La multitude courut en masse à l’escalier de la tribune, vers laquelle tous les fidèles, arrachés à leur extase religieuse, tournèrent la tête avec anxiété. « Qu’est-il arrivé ? que se passe-t-il ? » se disait-on les uns aux autres. Personne ne savait que répondre, et tous s’efforçaient de le deviner. La confusion augmentait, le tapage dépassait la mesure et menaçait de troubler l’ordre et le recueillement habituel de l’église. « Que se passe-t-il ? » demandaient les dames au corrégidor qui, précédé de ses huissiers, avait été un des premiers à monter à la tribune et se dirigeait ensuite, pâle, l’air profondément affligé, vers l’endroit où l’attendait l’archevêque, anxieux, comme tout le monde, de connaître la cause du désordre.

– Qu’y a-t-il ?

– Maître Pérez vient de mourir !

En effet, quand les premiers fidèles, après s’être bousculés dans l’escalier, arrivèrent à la tribune, ils virent le pauvre organiste mort, la tête sur les touches de son vieil orgue, qui vibrait sourdement, tandis que sa fille, agenouillée à ses pieds, l’appelait en vain, en exhalant des soupirs et des sanglots.

 

 

 

III

 

 

– Bonsoir, chère madame Baltazar. Quoi, vous aussi, vous venez à la messe de minuit ?

– Quant à moi, j’avais l’intention d’aller l’entendre à ma paroisse : mais ce qui arrive... chacun va où va tout le monde.

– Il est certain, à vrai dire, que depuis la mort de maître Pérez, il me semble qu’on me pose une pierre sépulcrale sur le cœur aussitôt que j’entre dans Sainte-Inès...

– Pauvre malheureux ! c’était un saint !... Je puis dire, pour ma part, que je garde un morceau de son pourpoint comme une relique ; il le mérite... Sur mon âme, par Dieu, si Mgr l’archevêque voulait s’en occuper, nos petits-fils le verraient certainement figurer sur l’autel... Mais que faire ? Les morts et les absents n’ont plus d’amis... Maintenant on n’est préoccupé que de la nouvelle... Vous m’entendez bien. Quoi ! ne savez-vous rien de ce qui se passe ? Nous nous ressemblons, il est vrai, en cela ; sans souci de ce qui se dit, ou des mots qui échappent par mégarde, nous allons de la maison à l’église et de l’église à la maison... moi, seulement, comme ça... au vol... une parole par ici, une autre par là... sans avoir envie de rien savoir, je suis d’ordinaire au courant des nouvelles... Ainsi, entre nous, la chose est décidée, l’organiste de Saint-Roman, ce louche, qui médit toujours des autres organistes, ce malpropre, qui ressemble plutôt à un boucher de la porte de la Viande qu’à un maître de musique, va jouer cette nuit à la place de maître Pérez. Sachez donc ce que tout le monde sait, ce qui est connu de tout Séville, que personne ne voulait s’en charger, pas même sa fille, reçue maîtresse, et qui, depuis la mort de son père, est entrée novice au couvent. Et c’était naturel, accoutumés comme nous l’étions à entendre de telles merveilles : toute autre chose nous eût paru mauvaise, même en voulant éviter de faire des comparaisons.
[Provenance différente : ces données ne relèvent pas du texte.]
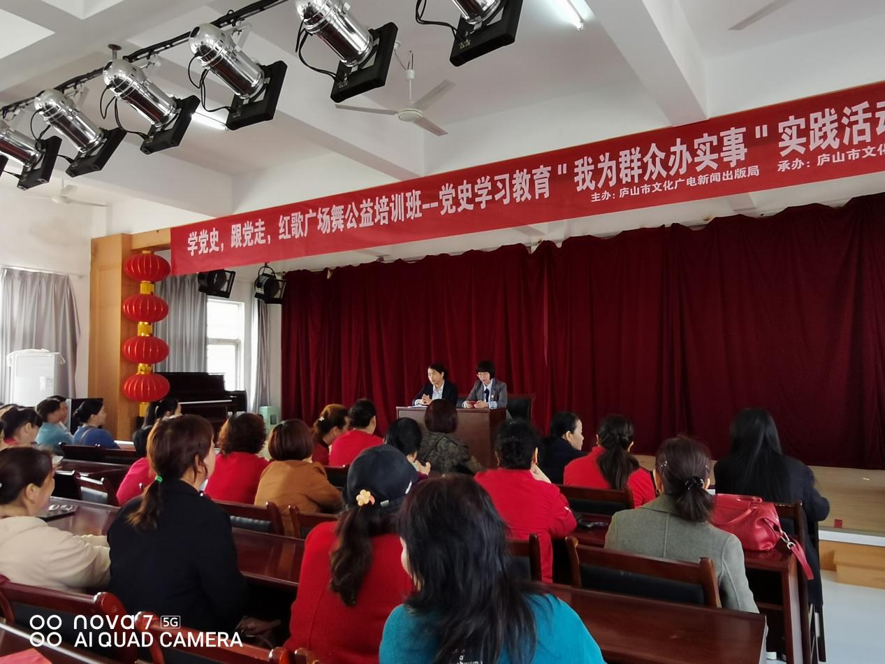 为了庆祝建党一百周年,更好迎接即将到来的“舞动赣鄱颂党恩”广场舞展演和“唱支山歌给党听”歌咏比赛活动,庐山市文化馆了解到一部分跳广场舞的队员希望有规范统一的舞蹈教学需求,特别聘请了舞蹈和声乐教师开设了红歌广场舞培训班,为学员们进行规范教学,这也是庐山市文广新局结合党史学习教育宣传“我为群众办实事”的系列举措之一。
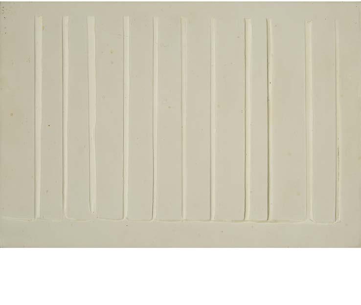 3RD COLORS, 1990 plaster compound, burlap, wood and steel signed, titled, dated and gallery label verso 35 x 35.25 x 3.875 in — 88.9 x 89.5 x 9.8 cm
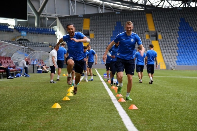 Футболисты павлодарского «Иртыша» накануне матча 1/4 финала Кубка Казахстана провели предыгровую тренировку на «Астана Арена».
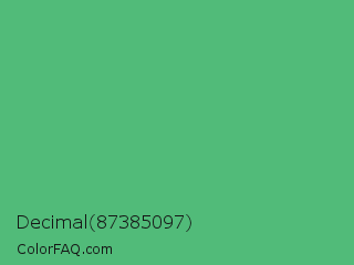 Decimal 87385097 Color is a normal green color and the nearest color is Emerald #50c878. Hex code #51bb79 and RGB value is rgb(81,187,121). In RGB color space, this color is composed of 32% red, 73% green, 47% blue, In CMYK color space, this color is composed of 57% cyan, 0% magenta, 35% yellow , 27% black , In HSL color space, this color has a hue angle of 143° , 44% saturation and 53% lightness.
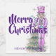 Este rótulo de garrafa de vinho glamouroso e festivo apresenta um tema natalício Nutcracker. Uma imagem de um quebra-cabeça ilustrado é impressa à direita, em frente a uma árvore de Natal. A brilha falsa adiciona um toque de vírgula às ilustrações. A saudação "Feliz Natal" é impressa em uma fonte grande e roxa de script. Você pode personalizar o rótulo do frasco para incluir seu próprio nome ou outro texto personalizado.

La communauté avait donc décidé que pour honorer le défunt, et en témoignage de respect pour sa mémoire, l’orgue resterait muet durant cette nuit ; mais voilà que notre homme se présente, et déclare qu’il osera le jouer... Rien n’est aussi téméraire que l’ignorance... Est-ce sa faute, à lui ? Non mais à ceux qui permettent une telle profanation. Ainsi va le monde... Voyez un peu la foule qui accourt... On dirait qu’il n’y a rien de changé, d’une année à l’autre. Les mêmes personnages, le même luxe, les mêmes bousculades à la porte, la même animation sur le parvis, la même affluence dans le temple... Oh ! si le mort relevait la tête, il mourrait de nouveau, pour ne pas entendre son orgue joué par de pareilles mains ! Si ce que les gens du quartier m’ont dit est vrai, ils lui en préparent une bonne à son entrée ; au moment où il posera les doigts sur les touches, on commencera avec les tambourins, sonajas, tambours de basque et autres instruments, un charivari comme on n’en a jamais entendu... Mais silence ! Voilà le héros de la fête qui entre dans l’église. Jésus ! quel accoutrement de couleurs voyantes, quelle collerette tuyautée, quel air prétentieux ! Allons, allons, l’archevêque est arrivé depuis un moment, et la messe va commencer... Allons, cette nuit nous en donnera, je crois, à conter pendant bien des jours.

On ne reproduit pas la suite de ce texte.